Proteostasis
Proteostasis Collapse & Neurodegeneration · Neurodegeneration
Predict and reverse age-driven protein aggregation — the proteostasis collapse behind Alzheimer's and Parkinson's.
📋 The problem
Alzheimer's and Parkinson's track with the aggregation of proteins (Aβ, tau, α-synuclein) as the proteostasis network fails with age. Predicting and reversing aggregation kinetics could prevent or slow neurodegeneration.
🧗 Why it's a grand challenge
Aggregation is governed by coupled nucleation/elongation rates that are hard to measure in vivo; biomarkers lag pathology; clearance interventions have narrow therapeutic windows.
🧮 Governing model
dM/dt = 2 k_+ m(t) P(t); dP/dt = k_n m^{nc} + k_2 m^{n2} M − k_clear·PNucleation–elongation aggregation master equation (Knowles): aggregate mass M(t) from primary/secondary nucleation and elongation rate constants; clearance by proteostasis network.
Current best: Knowles aggregation kinetics + anti-amyloid antibody trials
🧭 Possible approaches
- Master-equation (Knowles) inversion to infer rate constants from biomarker trajectories
- Neural-ODE emulators of aggregation / clearance
- Design of proteostasis-boosting interventions
🎯 Build the benchmark
Predict the fractional aggregate-load reduction over time under a proteostasis-boosting intervention, within ~10%.

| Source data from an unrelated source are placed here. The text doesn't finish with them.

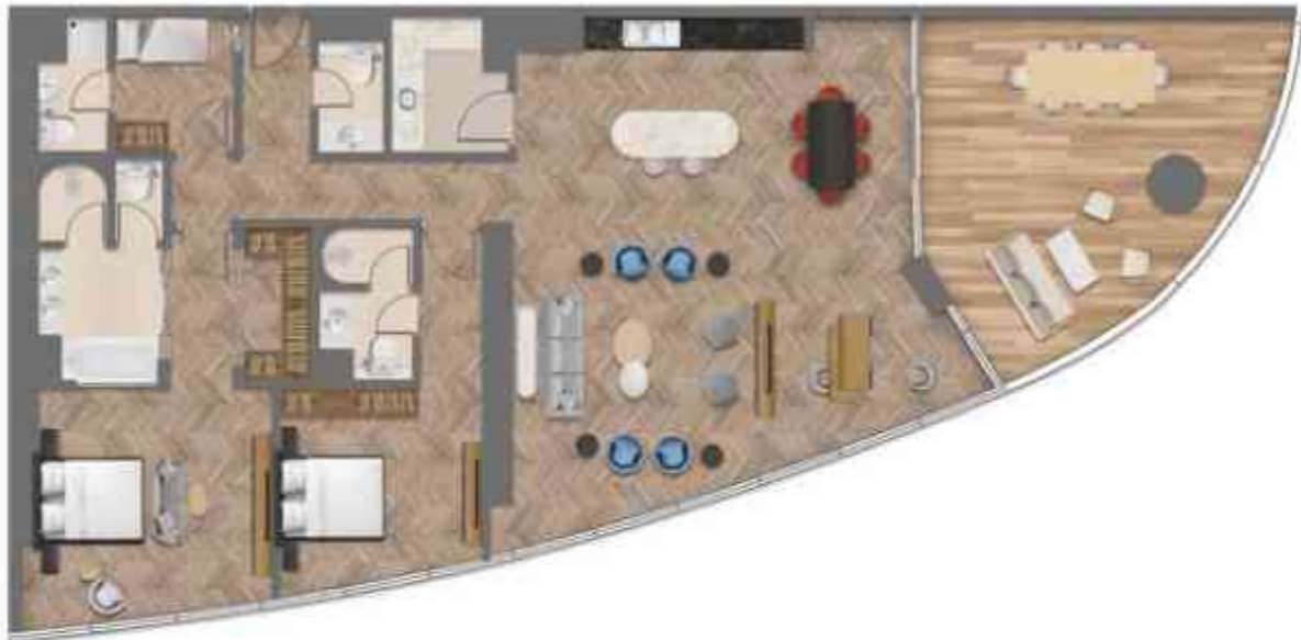
2 BEDROOM APARTMENT, TYPE B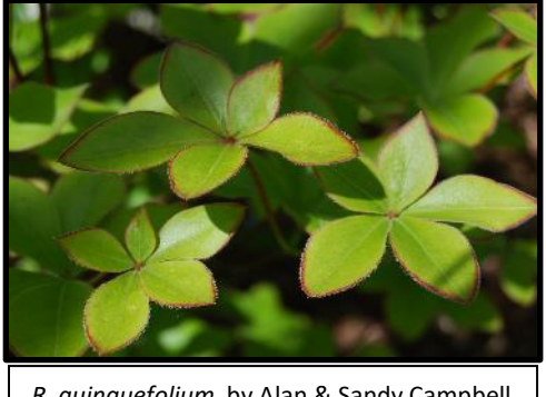
R. quinquefolium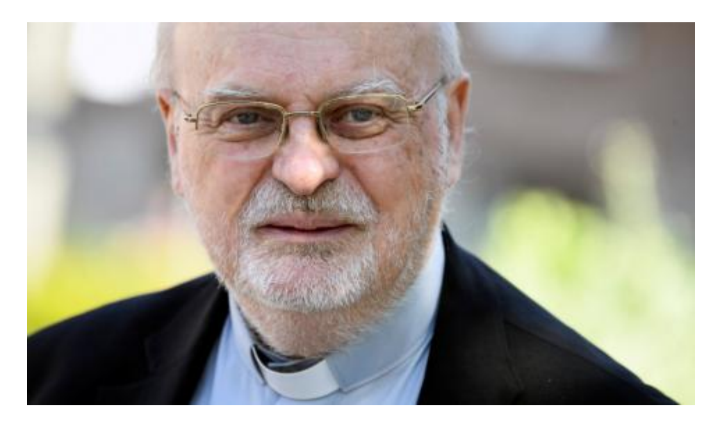
Cardinal Anders Arborelius of Stockholm is pictured in a 2017 file photo.

Unlike most countries, Sweden has chosen a more relaxed approach to preventing the spread of the coronavirus, sparking a debate on how governments should confront the deadly pandemic.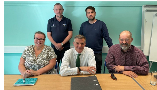
The current Minister for Transport meeting with the Team, has publically declared his support for retaining the ponds

Metric: load_reduction — fractional aggregate-load reduction
Datasets to start from: CSF amyloid/tau longitudinal (ADNI-like), In-vitro aggregation kinetics panel, Proteostasis-network perturbation screen
🤖 Build an AI agent to solve it
An agent that fits a patient's aggregation kinetics and proposes clearance-boosting regimens with predicted load reduction.
Once a benchmark exists, an AI4Science agent can iterate solutions against it — every verified solution earns PWM.
This is a frontier framing page — an open problem, not yet benchmarked or verified, unlike PWM's mature computational-imaging benchmarks.